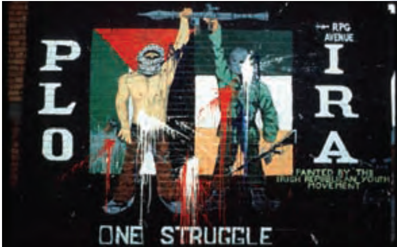
Γκράφιτι που απεικονίζει τη συστράτευση των Παλαιστινιακού Απελευθερωτικού Μετώπου με τον Ιρλανδικό Δημοκρατικό Στρατό.

των πρώτων, (όπως άλλωστε, και στην περίπτωση των καθολικών Πολωνών έναντι των Προτεσταντών Πρώσων ή των Πατριαρχικών Ελληνομακεδόνων έναντι των Εξαρχικών Βουλγαρομακεδόνων κ.λπ.). Και στις δύο αυτές περιπτώσεις, λοιπόν, τα αίτια της τρομοκρατίας είναι πολιτισμικής φύσεως χωρίς, βεβαίως, τούτο να σημαίνει ότι υποτιμώνται οι κατά περιστάσιν πολιτικές και οικονομικές συνθήκες.
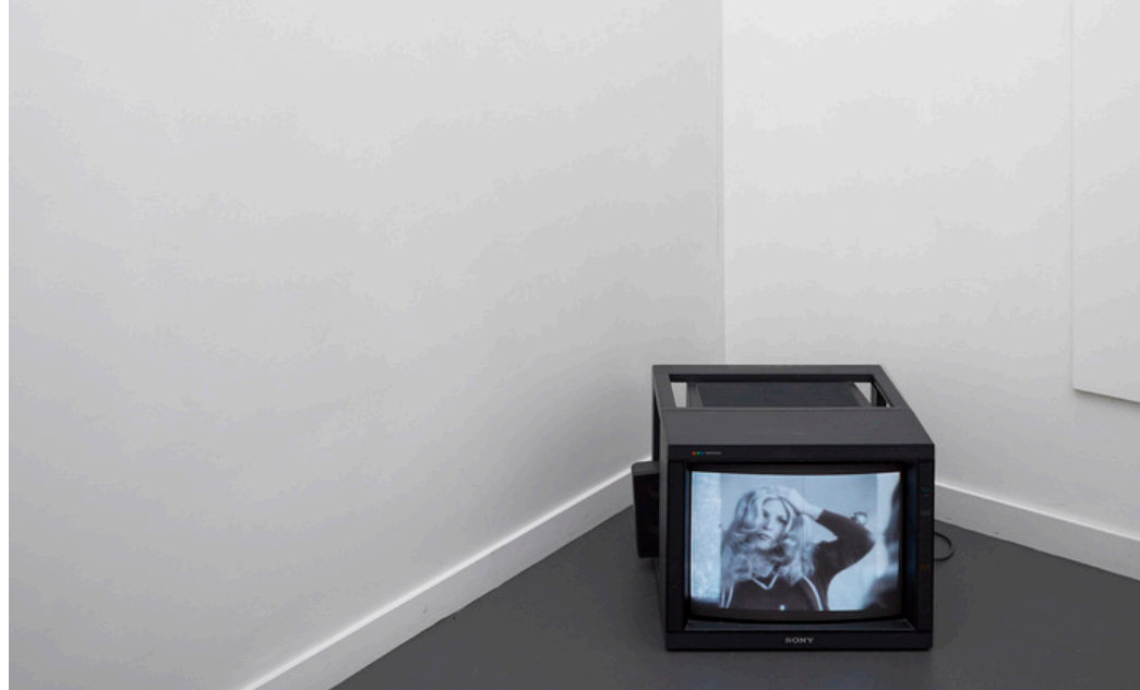
Lynn Hershman Leeson, 'Staged Intimacy 1974-2019' bij a rose is a rose is a rose (Rozenstraat)

§ **Task prompt**:
When you reach a picture, pass over it; write out all other material exactly.

§ **Task output**:
Γκράφιτι που απεικονίζει τη συστράτευση των Παλαιστινιακού Απελευθερωτικού Μετώπου με τον Ιρλανδικό Δημοκρατικό Στρατό.

των πρώτων, (όπως άλλωστε, και στην περίπτωση των καθολικών Πολωνών έναντι των Προτεσταντών Πρώσων ή των Πατριαρχικών Ελληνομακεδόνων έναντι των Εξαρχικών Βουλγαρομακεδόνων κ.λπ.). Και στις δύο αυτές περιπτώσεις, λοιπόν, τα αίτια της τρομοκρατίας είναι πολιτισμικής φύσεως χωρίς, βεβαίως, τούτο να σημαίνει ότι υποτιμώνται οι κατά περιστάσιν πολιτικές και οικονομικές συνθήκες.
Lynn Hershman Leeson, 'Staged Intimacy 1974-2019' bij a rose is a rose is a rose (Rozenstraat)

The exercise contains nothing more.